The hackers’ best friends… No one has been able to escape the news and numerous commentaries on the recent high profile breaches. Evidently, hackers are no longer lonely teenagers in their back room trying to impress their friends: today’s cybercrime industry has evolved and automated itself to improve efficiency, scalability, and profitability with a clear intent on obtaining information that can be monetised. With the Internet as their superhighway, they have no boundaries. Perversely, the hackers’ best friends are those very same businesses with their inadequate and often outdated information security practices, as well as those very individuals whose identities end up being stolen – particularly when they don’t keep their antivirus and firewalls up to date and don’t check the privacy settings on the many social networking sites they frequent, or fall prey to phishing attacks!
Speaking at the Worldwide Cybersecurity Summit on 1st June 2011, Sir Michael Rake, Chairman of the BT group, expressed the view that awareness of cybercrime and the necessity of protecting corporate and personal data are not as highly prioritised at board level as they should be.
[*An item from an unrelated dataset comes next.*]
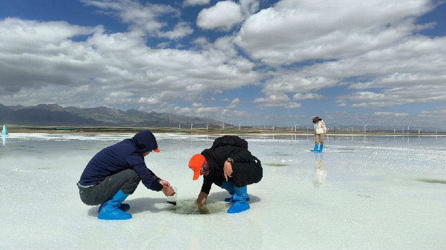 13日,科考隊(duì)員乘坐了5個(gè)小時(shí)的大巴,來(lái)到了茶卡鹽湖。茶卡鹽湖位于柴達(dá)木盆地烏蘭縣茶卡鎮(zhèn),是中國(guó)四大鹽湖之一。進(jìn)入茶卡鹽湖,由于湖上基本都有水,科考隊(duì)員們都穿上了水桶鞋,在鹽湖深處各鹽穴區(qū)域取樣。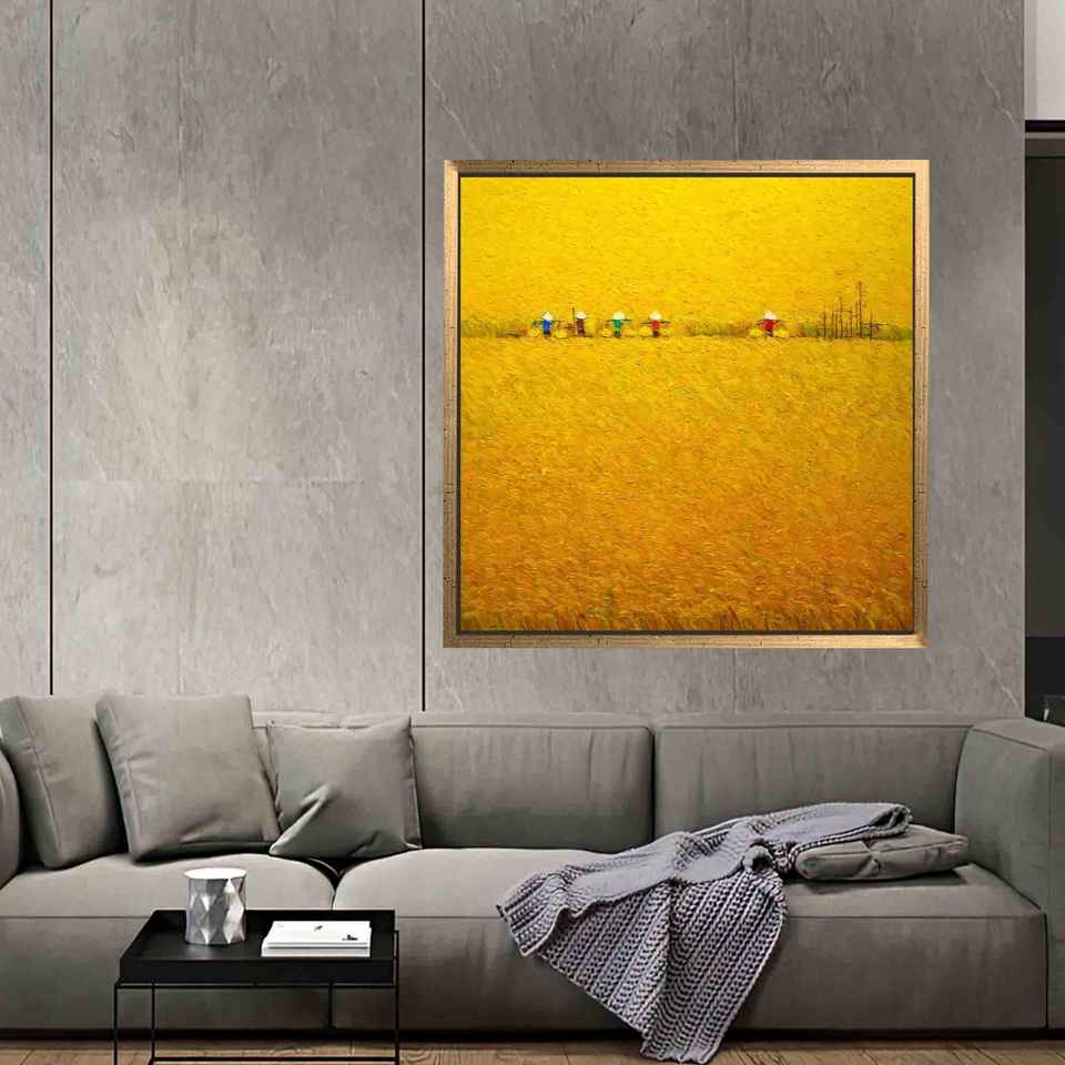 Modern Printed Canvas Artwork: Rice Paddy Field Art Reproduction,Gold Framed

In parallel, governments around the world are looking to strengthen oversight and enforcement, and business leaders are now focusing on enterprise risk management as a strategic business driver.
Compliance in silos…
Governance and Risk Management are familiar topics in the Board Room. It is therefore surprising that companies always feel under pressure to meet compliance deadlines of one type or another and often panic to implement solutions they believe will address the most visible, urgent or potentially costly to ignore regulation looming on the horizon, without even putting this into the context of the existing enterprise risk management framework. Many businesses are now on their second or third cycle of trying to automate processes related to compliance with specific policies, industry standards, and government regulations. With requirements evolving, companies find themselves with discrete solutions for PCI DSS, Data Protection, FSA, SOX and others. Although these businesses have achieved some successes with their initial projects, much of the success has been short lived, and costly. Suppliers of such solutions are often guilty of perpetrating this vicious circle by describing their offering as the next “silver bullet” and such solutions became expensive to maintain and impossible to integrate or scale. More specifically, investments in information security get more and more difficult to secure as sustainability cannot be demonstrated to the Board. And then you get the next high profile data breach…
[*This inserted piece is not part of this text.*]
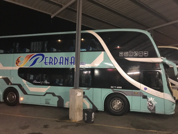 Bevor wir am Morgen um 11 Uhr auscheckten, genossen wir unser letztes Frühstück am Meer auf dieser wunderschönen Insel. Um 12 Uhr wurden wir vom Boot abgeholt, welches uns wieder zurück zum Hafen von Koala Besut fuhr. Am Hafen angekommen, wurden wir von einer Frau mit unserem Namensschild ziemlich hektisch empfangen und sie redete etwas von anmelden, weil wir in 15 Minuten los müssen. Wir waren leicht verwirrt, da wir den Bus nach Kota Bharu erst um 16:00 Uhr gebucht hatten. Naja dachten wir uns, dann sind wir wenigstens schon mal dort. Etwa 1,5 Stunden fuhren wir mit dem Bus nach Kota Bharu zum Bus Terminal. Dort hatten wir ca. 6 Stunden Wartezeit bis unser Nachtbus nach Mersing losfuhr. Das Gepäck konnten wir in einem kleinen Laden beim Terminal für 4 RM (95 Rappen) unterbringen, so dass wir die Wartezeit im Einkaufszentrum direkt neben dem Terminal verbringen konnten. Es war zwar irgendwie nicht sehr vertrauenswürdig aber unser Gepäck war noch da. Pünktlich um 20:30 fuhr unser Bus los. Die Sitze im Bus waren richtig bequem und man konnte diese sogar nach hinten stellen, so dass man ziemlich gut schlafen konnte.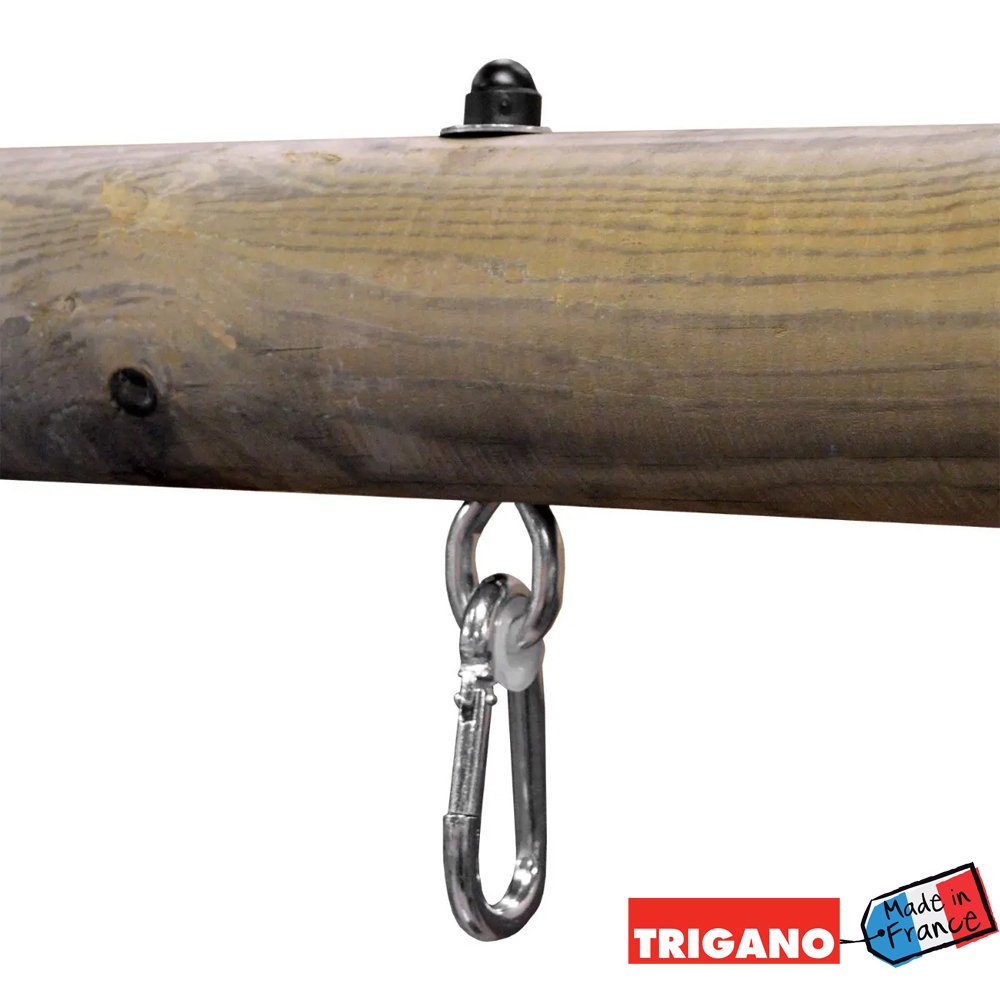 - Accroche par mousquetons facilitant les échanges d’agrès ou leur hivernage

It’s war, Jim, but not as we know it…
In our increasingly globalised world economy, competition is intense and threats have a worldwide impact. Good corporate governance can make a difference to how companies are viewed.
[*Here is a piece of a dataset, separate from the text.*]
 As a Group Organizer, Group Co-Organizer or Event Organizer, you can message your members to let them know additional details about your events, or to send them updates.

Compliance is about providing evidence that controls are in place and is a tactical exercise to ensure business continuity. However, it is not inherently risk aware, nor is it economically sensitive. Too much emphasis on compliance can actually increase risk by giving people a false sense of security. Risk Management can be defined as the identification, assessment and prioritisation of risks followed by coordinated and economical application of resources to minimise, monitor, and control the probability and/or impact of unfortunate events. By connecting control – and therefore compliance – to risk, businesses can achieve major improvements in their enterprise risk management initiative.
In order to fight cybercrime, organisations therefore have to find a way of connecting risk management – already understood in the board room – with information security controls in order to improve their security posture according to their risk appetite.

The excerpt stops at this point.